Governments face a difficult conflict when trying to generate jobs and new industries that ultimately benefit the economy. On the one hand, they need to compete with other jurisdictions, many of which are willing to throw generous incentives at businesses to locate their operations and jobs in their state or territory. But trying to pick winners can be an expensive disaster, especially in fickle cutting-edge industries with lots of potential but no proven track record.

Electric cars could have a future in Canberra, a more solid one after the Better Place experience, but this episode showed the risks involved in a small market the size of Canberra being too quick off the mark as an early adaptor of new technology.

Canberra has a proven record of conceiving ideas that work and can be sustained.

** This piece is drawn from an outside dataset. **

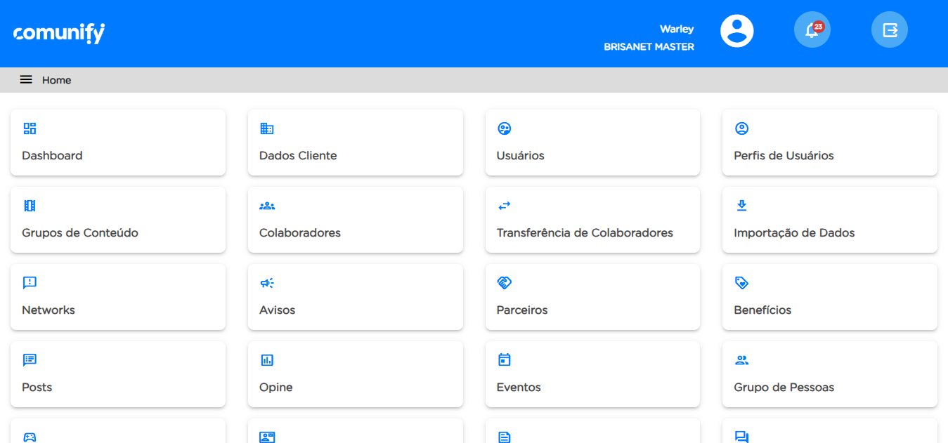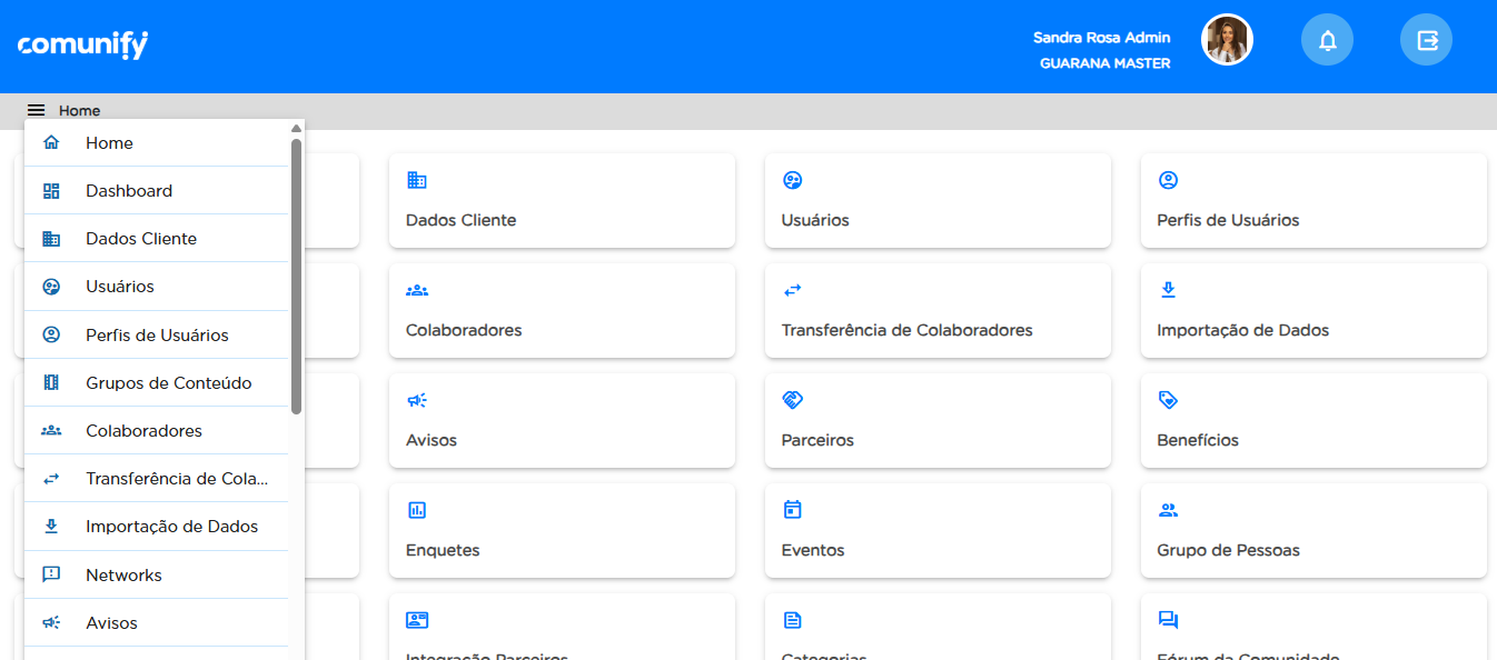 Na página inicial, também conhecida como "Home", o usuário cliente tem uma visão geral e acesso rápido às funcionalidades oferecidas pela plataforma. O menu, inclui a mesma lista de funcionalidades, organizada de forma lógica para facilitar a navegação.

But the proving grounds are often in bigger markets abroad, which can afford to take risks. One such example to emerge from a robotics laboratory at the Australian National University, Seeing Machines, operates in a similar space to autonomous car technology, and went to Europe and then the United States to commercialise its technology.

The company prefers the term crash-proof cars and remains wary of driverless cars, which it believes has too many unanswered questions in various driving conditions, and insurance issues.

The other issue to consider is investments in developing fields such as autonomous vehicles can take decades to pay dividends. Even if, as Mr Coe suggests, the technology will be sufficiently advanced within a few years, there are many legislative hurdles to overcome, as well as thorny insurance, cross-border and supporting infrastructure issues to address.

To support trials in Canberra for autonomous cars, Mr Coe cites the Department of Infrastructure report, Traffic and congestions cost trends for Australian capital cities, which has found that such vehicles could ease congestion on our roads. This might be true, eventually, but does not address the key transport problem facing the ACT: overdependence on cars and roads. 

That same report also says the base-case analyses assume that any elements of autonomous vehicle technology that start appearing on Australian roads over the coming decades will only have a relatively slight impact on overall vehicle travel within the 2030 projection timeframe chosen for the research.

Autonomous vehicles might well prove an effective and viable option for Canberra roads, but the promise of future gains in this area shouldn't be used as a way to justify failure to invest in other much-needed public transport options. There is a risk that if the technology hits the same pitfalls and delays as the electric-vehicle industry has faced, the territory could well find itself in exactly the same position in a decade's time, with nothing to show for its investment.

Canberra's transport challenge is complex, and can be helped with innovation that encourages ride-sharing. Much of the congestion comes from investment in cars at the expense of public transport, as is the case across the world. Allocating more resources to cars might well make this problem worse.